Fugazi was definitely a huge influence because they were one of the only bands who ever really pulled it off. They’re also great because they were all over the map musically but could still be considered a punk band because of the energy and ideas behind it. NOFX is another band that managed to pull off doing everything themselves big time. I find myself inspired more by peers nowadays though. If you think about it, there are a thousand little Dischords all over the world now. That’s pretty incredible.
Along with releasing your music for free on the BTMI website, you guys have released tracks through the Kristin Brooks Hope Center, founder of 1-800-SUICIDE, that draws attention to suicide prevention. Could you guys explain how you guys got involved with this foundation?
Plea For Peace and Subcity definitely got me into a lot of non-profits when I was younger, and when I was dealing with a lot of severe mental health issues. Years ago, there was a Plea for Peace show with petitions for 1-800-SUICIDE and I remembered thinking that I could contribute on that front. That led to a friendship between me and my bud Arielle who was running the Hopeline booth on Warped tour when my old band ASOB got stranded in Idaho. I dropped her a line, and I ended up helping out at the Hopeline and Plea for Peace booths for a few weeks while we scrambled to play unsanctioned shows inside the Warped Tour. It was one the most amazing and unique experiences of my life.

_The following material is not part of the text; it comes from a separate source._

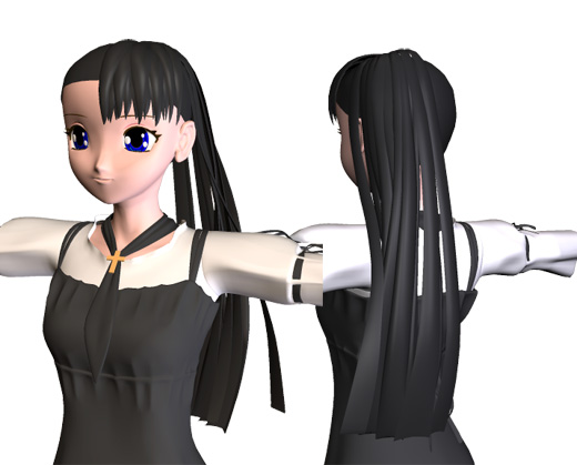 アニメタイプの髪で、こんな作り方をしているのは少数派みたいだ。大抵もっと大きなブロックで構成されている。前髪ならせいぜい4ブロックくらい。
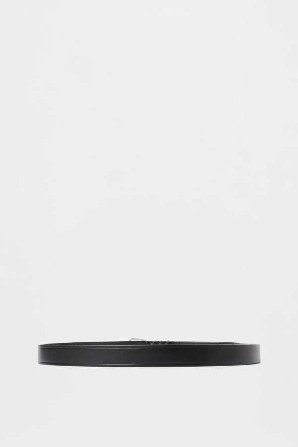 Nesa Belt – Black – Embossed Stripes – Triple Metal Belt Holes – Adjustable Metal Buckle – 100% Bovine Leather – Made in Italy

Years and years later when we were trying to figure out ways to “promote” Vacation, we were sending songs to music blogs and stuff like that. I discovered that a lot of these websites essentially just regurgitate the same press releases that a hundred other sites regurgitate, and it seems like the people with the big bucks get the better placement and it has nothing to do with music. So, when it came time to release a second track it seemed like if we wanted to release something through a business, we should do it through a business that brings good to the world. It is so incredibly important that young people have someone to confide in when it seems like their entire life is in the shitter, and unfortunately that connection is often not made with parents, teachers or friends. We hoped that releasing a song through KBHC would help draw some attention to what their doing so people know where to turn to.
When fans pay money to see their favorite band perform, they expect to see a 45-60 minute set of their favorite tunes. However, BTMI takes the live show experience one giant step further. Where did the idea of allowing fans coming on stage and playing their own instrument to their favorite song come from?
When we were kids Less Than Jake let some of us go up and play horns with them. It was the best and I think that stuck with me. Bomb the Music Industry! really started as a collective, and I think I felt “Well, why shut out people from the collective simply because we don’t know them?” As we have more and more songs, and such a solid line up it gets harder, but whenever we do it and it works it’s always the highlight of the night. We played this awful show (read: we were awful) in Amsterdam and someone wanted to play “Future 86” on ukulele with us. He came up and played it and fucking killed it and it was like we the preceding thirty minutes didn’t happen. For a band that makes as many mistakes as us, it can make everyone forget how bad we were, which is good. It encourages us to keep fucking up.
You’ve done the fan contest with “Vocal Coach” where people could add their own lyrics. Approximately how many entries did you receive and did the band sit down like the judges of American Idol while making your selection?
It was daunting. We didn’t expect such a large response and we’ve actually been a bunch of boners about digging through the selection. Some of the lyrical content was, well, it was pretty rough. Like it made me feel like a bad human being for having anything to do with unearthing the words some of these submissions had. For the most part though, they were pretty good. A lot of them were pretty close to what I wrote as far as how the hook went. We really need to dig through the rest and announce a winner already. We’re the worst.
Where there any entries that really blew you away and that might of set the bar for the competitors in the contest?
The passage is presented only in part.